All of life just feels bolder after discovering the true emotion of happiness. It’s indescribable, except to be told in certain little moments of life that surround us daily. Whenever I am walking down the city streets and look towards the blue sky filled with tall, beautiful buildings I know that is what happiness feels like. No longer is a good day the sight of a curved wine glass or bottle of Jack. Those were more like my mirages of a great life, but really it was poisonous.

I used to be guilty of putting others happiness before my own, and I know I am not alone in that. Sometimes I think that had a lot to do with aiding my depression, and alcohol problem. My unhappiness was due to ignoring what would make me feel better, and focus too much on others instead. This was a huge issue; after all it is hard to really help anyone when you are unhappy yourself. Satisfying others at the risk of you becoming miserable is not the solution. Be sure to be independently happy first and foremost.

Unhealthy friendships and relationships can be emotionally draining. At some point people remain in our lives because they have already been there for so long. Personally, before sobriety I was petrified of change. Regardless of how crappy certain people made me feel on a daily basis, I couldn’t imagine a life without them. It almost becomes routine to keep people in our lives based upon how many years they have been around. Keeping friends or loved ones near that negatively impact how you feel is unacceptable. Learning to let go is another key to finding happiness in life.

When I moved to the city my life was all about change, and I was absolutely miserable. I was in a relationship that was short lived, and neither of us was remotely happy. It was the kind of co-dependent relationship that existed out of loneliness. I had a couple of good friends from my hometown that I knew, but other than that I was alone in the city.

The day I finally landed my first lousy restaurant job in Philly, I only stayed for a month (Philly has sent me on a whirlwind of interesting restaurant jobs, but that’s another story). It was, still to this day, one of the most dreadful experiences. Combined with everything else going on, it did not help my depression one bit. I quit that job, got out of the relationship, and figured I finally would be happy. I was wrong. These things were only a grain of salt to the bigger problems like: lack of self love, alcohol addiction, overall depression, and toxic friendships.

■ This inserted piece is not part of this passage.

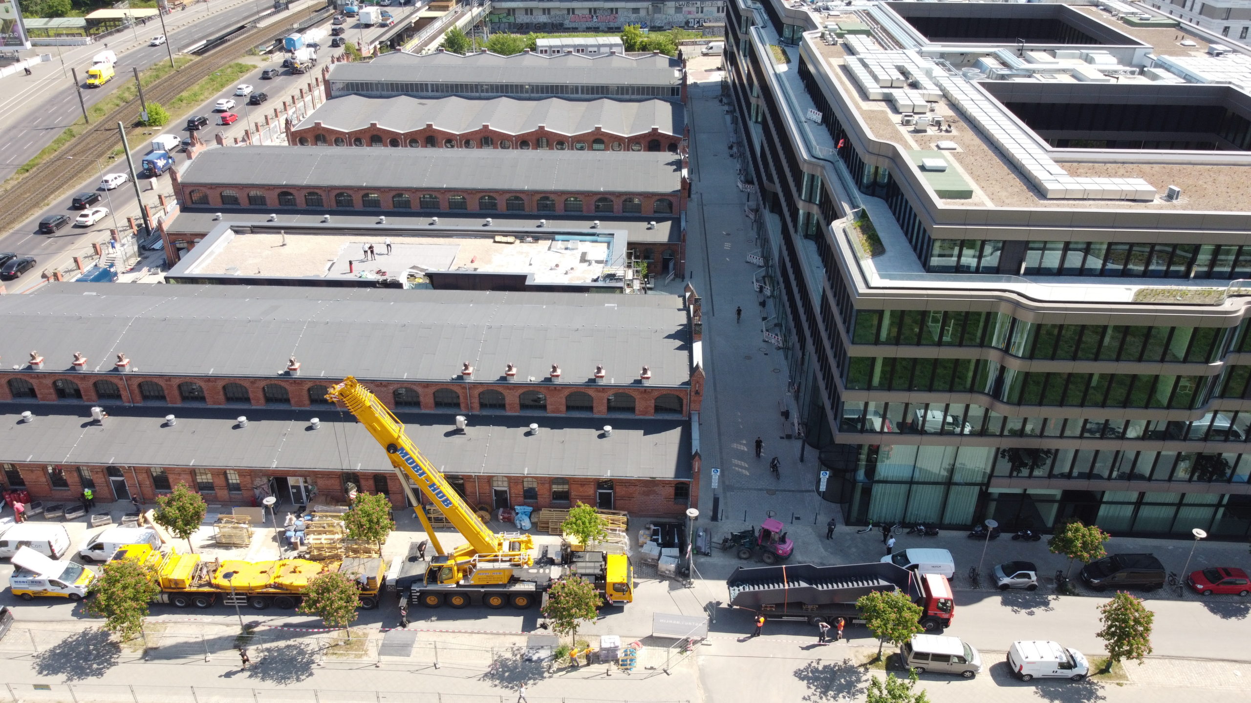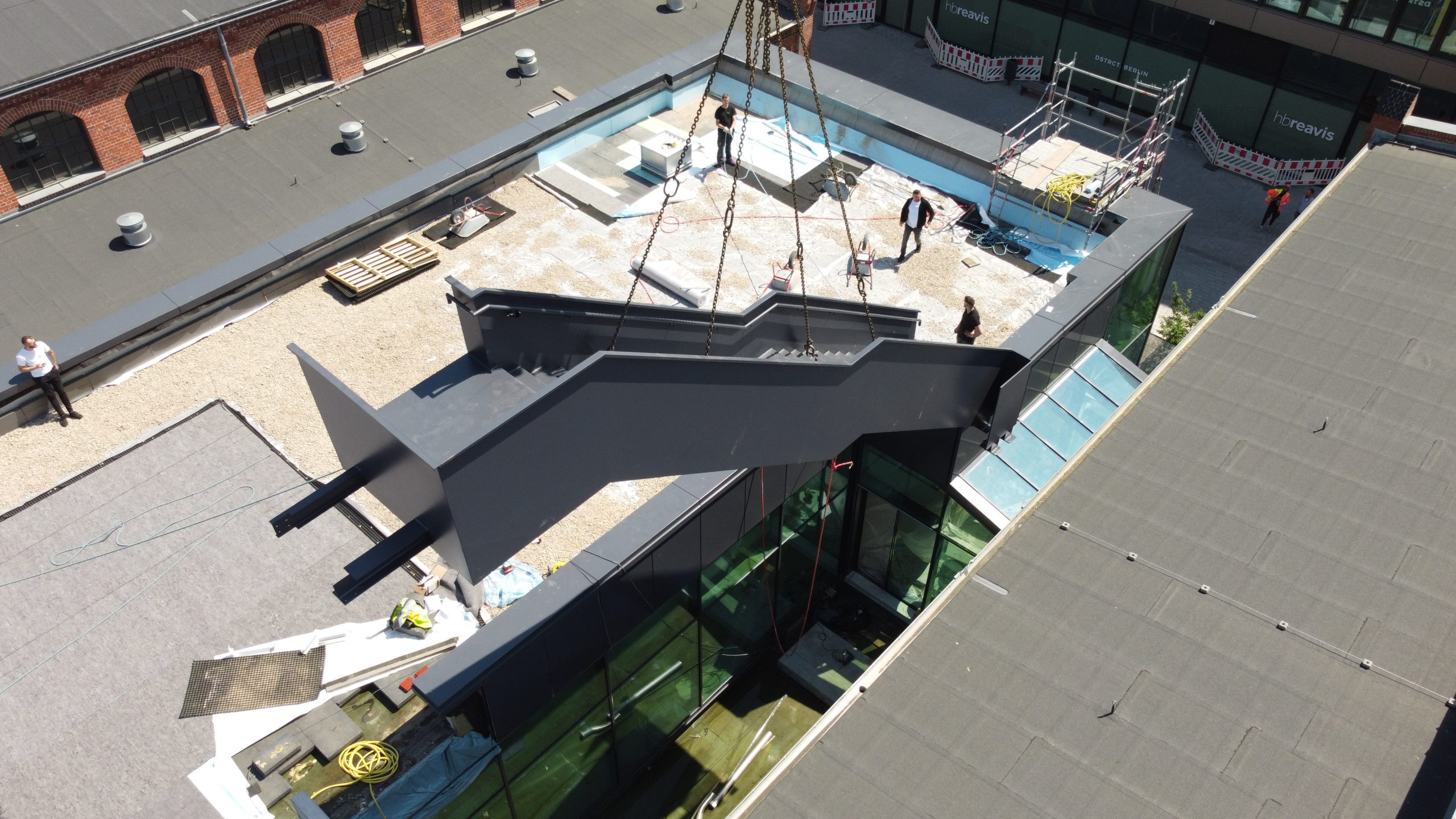 A highlight of the last few weeks was the delivery and installation of a custom-made staircase for the tenant AWIN, which leads to the roof terrace of the intermediate building of the old halls. On a Tuesday in May, the staircase, which was manufactured in Poland and weighed in at 9 tonnes, was delivered and lifted by crane from Otto-Ostrowski-Str. over the adjacent hall around noon and fitted into place with millimetre precision.
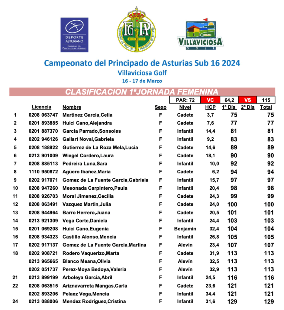 Resultados 1ª jornada Campeonato P. Asturias Sub 16 / Villaviciosa Golf por Golf por Asturias en 16 marzo, 2024 CLASIFICACION FEMENINA CLASIFICACION MASCULINA Compártelo: Compartir en X (Se abre en una ventana nueva) X Comparte en Facebook (Se abre en una ventana nueva) Facebook Me gusta Cargando...

I was completely unaware that I was on the exact life path that I was destined to be on. There were always moments where I would question my decision on moving to Philadelphia, but then I would take a step back and look at the bigger picture.

Since I have moved here I have lost connections with people, gained lifelong solid (for once healthy) friendships, and most importantly finally discovered how to love myself. It is in the city of love that I found happiness in the smallest, yet largest of ways.

Life is a journey, much like happiness. There are plenty of trials and errors before any sort of perfection can come about. I have always been a dreamer, and I still consider myself as such. Perhaps my views may be too optimistic for others, but what good is life if the only outlook someone has is waiting for things to fall apart instead of enjoying the moments that surround them. It is impossible to be a cynic when you discover self love, because ultimately happiness begins within and not without. Watch the streets glisten after the rain stops, remember the smell of an old book, observe the seasons as they change, lend a shoulder for a friend who has lent you theirs, and have gratitude for all of life’s moments. That is indeed happiness.